Oleh: Mega Jesica

Industri pertambangan, sebagai tulang punggung ekonomi banyak negara, termasuk Indonesia, telah menjadi isu yang kompleks dan kontroversial. Di satu sisi, ia memberikan kontribusi signifikan terhadap pertumbuhan ekonomi dan kesejahteraan masyarakat. Namun, di sisi lain, aktivitas pertambangan seringkali diiringi oleh kerusakan lingkungan yang parah, eksploitasi sumber daya alam yang berlebihan, dan konflik sosial.

Aktivitas pertambangan yang tidak bertanggung jawab telah menyebabkan kerusakan hutan, pencemaran air dan tanah, serta hilangnya keanekaragaman hayati. Bahkan, aktivitas pertambangan yang tidak memperhatikan aspek geologi dapat memicu bencana alam seperti longsor dan banjir. Paradoksnya, alih-alih meningkatkan kesejahteraan masyarakat, pertambangan eksploitatif justru dapat meningkatkan angka kemiskinan dan memperparah kesenjangan sosial.
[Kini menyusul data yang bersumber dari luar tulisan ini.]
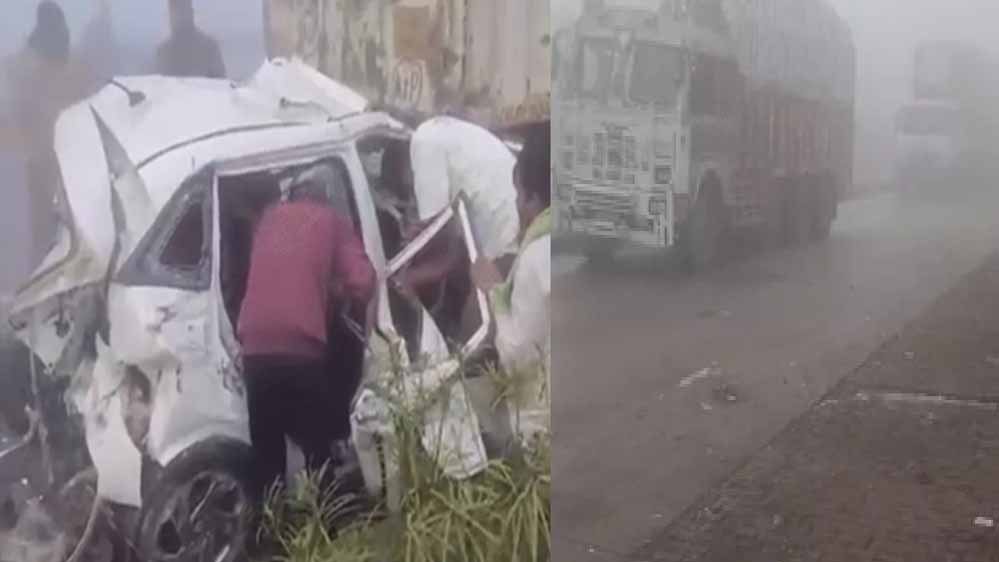 राजस्थान में कड़ाके की ठंड के साथ अब घना कोहरा जानलेवा साबित हो रहा है। शुक्रवार सुबह भीलवाड़ा जिले में नेशनल हाईवे-58 (भीलवाड़ा-उदयपुर हाईवे) पर कम विजिबिलिटी के कारण एक भीषण सड़क हादसा हो गया। यहाँ कोहरे के कारण एक के बाद एक 6 गाड़ियां आपस में टकरा गईं, जिसमें 3 लोगों की मौके पर ही मौत हो गई और 6 से अधिक लोग गंभीर रूप से घायल हैं। हादसे के बाद लगा 4 KM लंबा जाम सुबह करीब 8 बजे हुए इस एक्सीडेंट के बाद हाईवे पर चीख-पुकार मच गई। टक्कर इतनी जबरदस्त थी कि गाड़ियां पूरी तरह चकनाचूर हो गईं और कई लोग मलबे में फंस गए। हादसे के कारण हाईवे पर करीब 4 किलोमीटर लंबा जाम लग गया, जिसमें घायलों को लेने पहुंची एम्बुलेंस भी काफी देर तक फंसी रही। स्थानीय लोगों और पुलिस ने कड़ी मशक्कत के बाद गाड़ियों में फंसे लोगों को बाहर निकाला।

Hal ini disebabkan oleh prioritas perusahaan tambang yang lebih terfokus pada keuntungan ekonomi semata, tanpa mempertimbangkan dampak sosial dan lingkungan.

Masalah semakin diperparah dengan kurangnya transparansi informasi mengenai dampak lingkungan dan sosial dari aktivitas pertambangan. Praktik menyembunyikan informasi ini merupakan pengkhianatan terhadap hak publik untuk mengetahui dan berpartisipasi dalam pengambilan keputusan terkait pengelolaan sumber daya alam

Kasus penolakan tambang timah laut di Desa Batu Beriga, Bangka Belitung, menjadi bukti nyata bahwa masyarakat telah semakin sadar akan dampak negatif dari aktivitas pertambangan. Warga setempat menolak tambang karena khawatir akan kerusakan lingkungan dan dampaknya terhadap mata pencaharian mereka.